松本智津夫被第65回公判
1998/2/12
(毎日新聞より)
オウム真理教の松本智津夫(麻原彰晃)被告(42)の第65回公判は12日、東京地裁(阿部文洋裁判長)で開かれ、松本サリン事件の審理が始まった。この日は地下鉄サリン事件で犠牲者の遺体を鑑定した法医学者への弁護側反対尋問、松本サリン事件の捜査に当たった2人の警視庁警察官への検察側主尋問と反対尋問が行われた。傍聴希望者は150人だった。
裁 判 長:阿部 文洋(52)
陪席裁判官:(48)
陪席裁判官:(40)
補充裁判官:(35)
検 察 官:山本 信一(49)
=東京地検公判部副部長ら4人
弁 護 人:渡辺 脩(64)=弁護団長
大崎 康博(64)=副弁護団長ら12人
被 告:松本智津夫(42)
検察側証人:黒田 直人(40)=弘前大法医学教室教授
天野 新一(44)
金原哲比己(48)=以上警視庁警察官
(敬称・呼称略)
午前10時、松本被告がいつものように不機嫌そうな表情で8人の刑務官に誘導されて入廷した。紺色のジャンパーにスエットパンツ姿。静かに被告席に座る。10時1分、開廷。

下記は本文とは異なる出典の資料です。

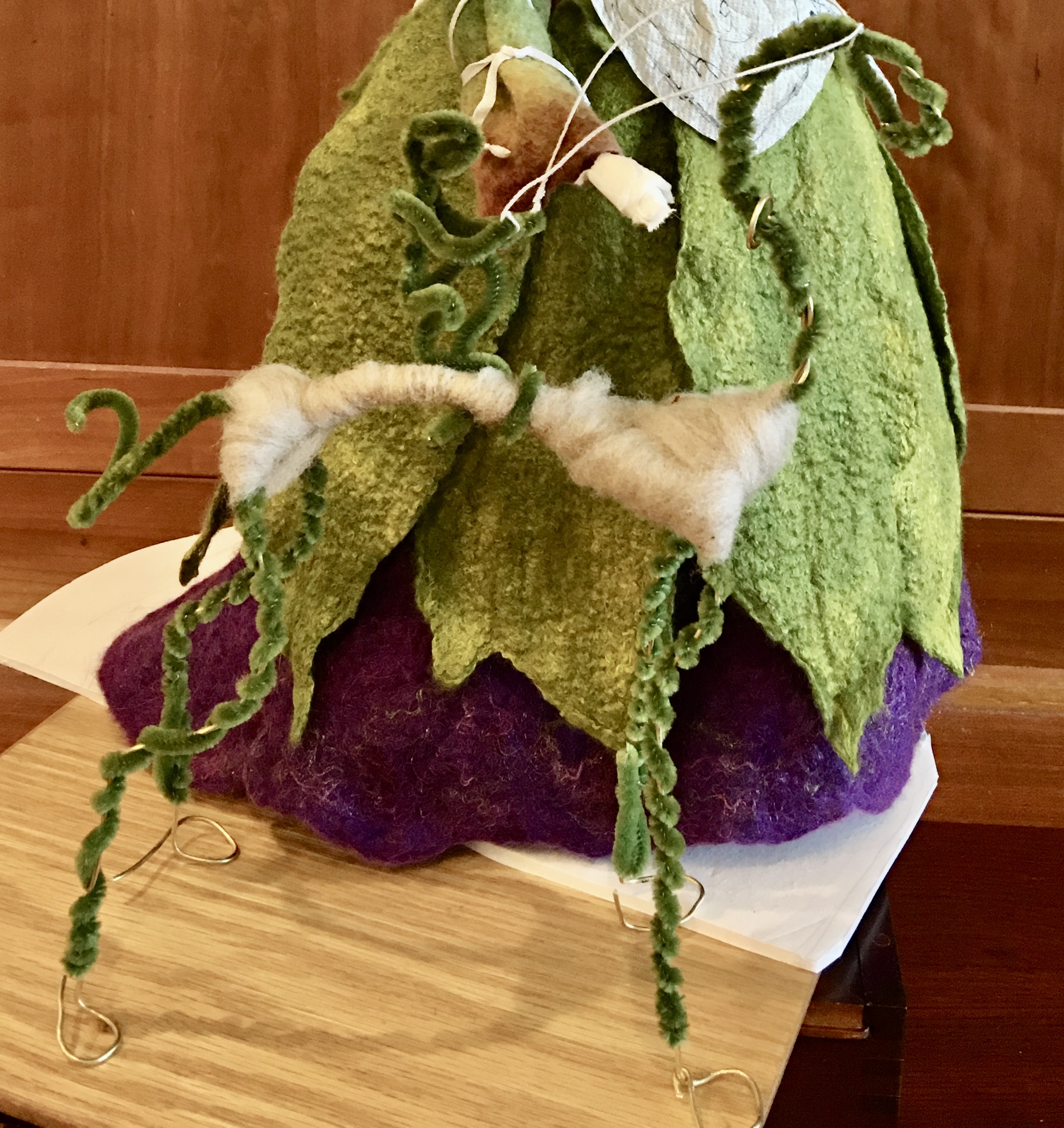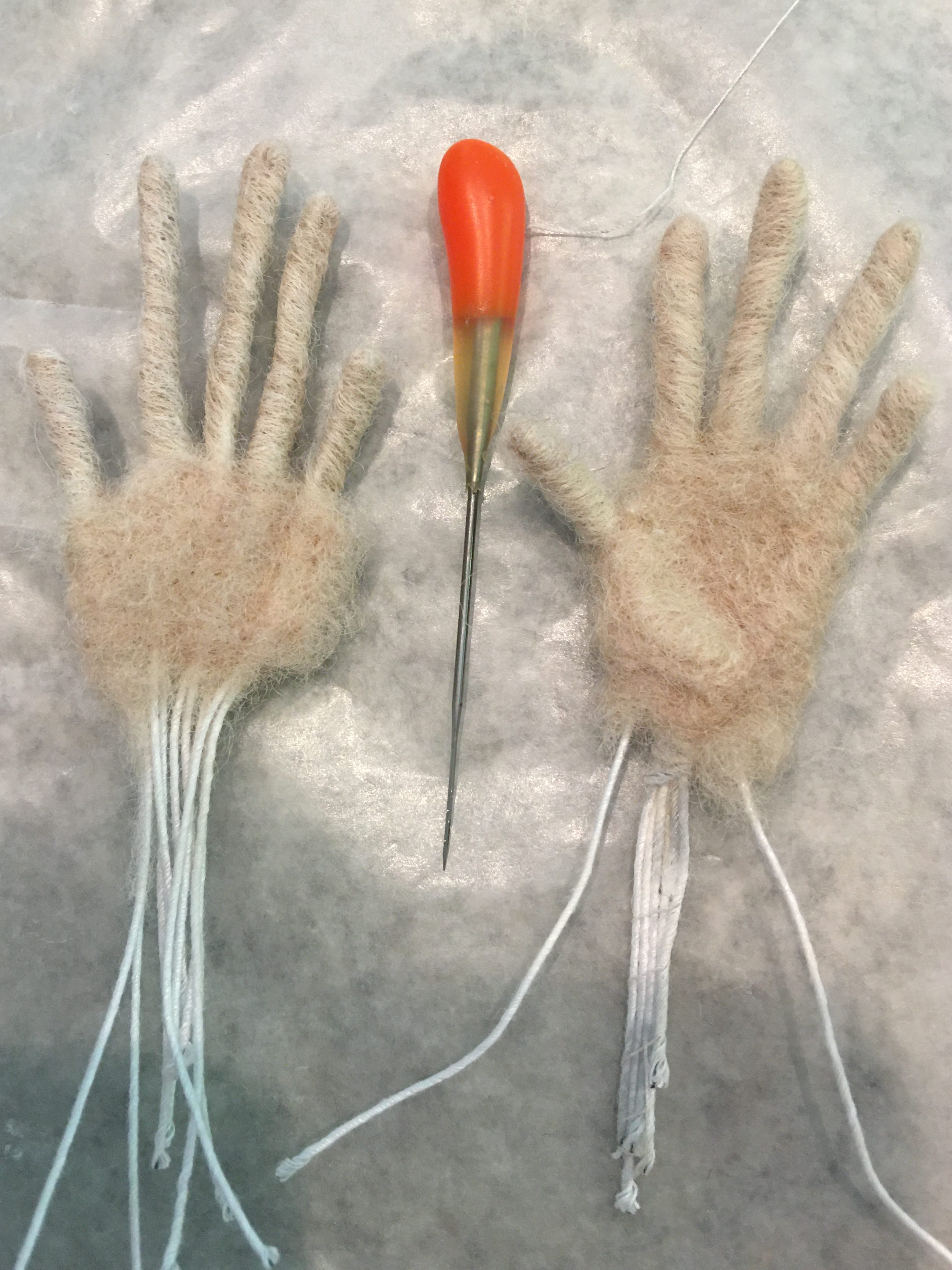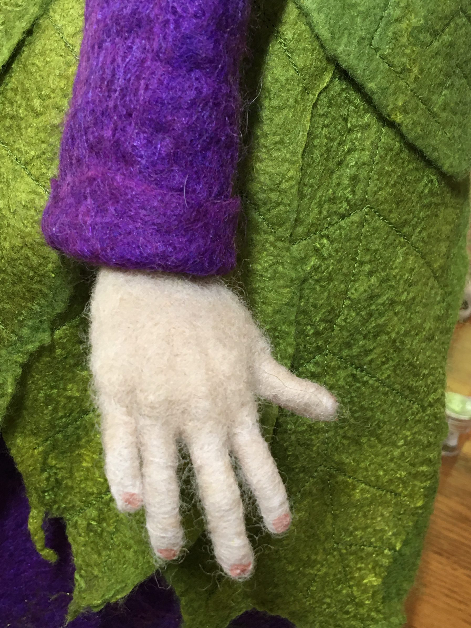 3rd new skill: LEARNING TO MAKE HUMAN HANDS with thin wire and wrapped wool. I’d made innumerable animal paws, hooves and claws, but never human hands – with their different length fingers, thumb and knuckles. Hands are quite tricky! Proportion was important again, to size the hands correctly with the body. So multiple hand sets made over more days of exploration.

地下鉄サリン事件の犠牲者5人の鑑定書を作成し、昨年9月に検察側主尋問を終えた黒田直人・弘前大法医学教室教授に対する弁護側反対尋問が始まった。
黒田直人証人
弁護人「解剖は6遺体では?」
証人「(1995年)3月22日だったでしょうか、(別に)1体解剖した記憶はある」
小伝馬町駅から運ばれ死亡した76歳の男性のことだった。
弁護人「この方は初めの段階で12人の死亡者の1人に入っていた。サリン中毒による死亡と証明できないということで最初の起訴状では殺人未遂の中に(名前が)載っていた。今回の(被害立証絞り込みの)訴因変更で殺人未遂からも落とされたのでお聞きしているが、サリン中毒でないと判断したのはなぜ?」
証人「冠動脈硬化症という心臓の病気があったので、直接それで亡くなったと思った」
弁護人「先生の判断で殺人から殺人未遂に落としたのか」
証人「だれが判断したか知らないが、私は病死と判断した」
弁護人は、事件翌日の95年3月21日に行われた5遺体の解剖時間が一部重なっていることをただす。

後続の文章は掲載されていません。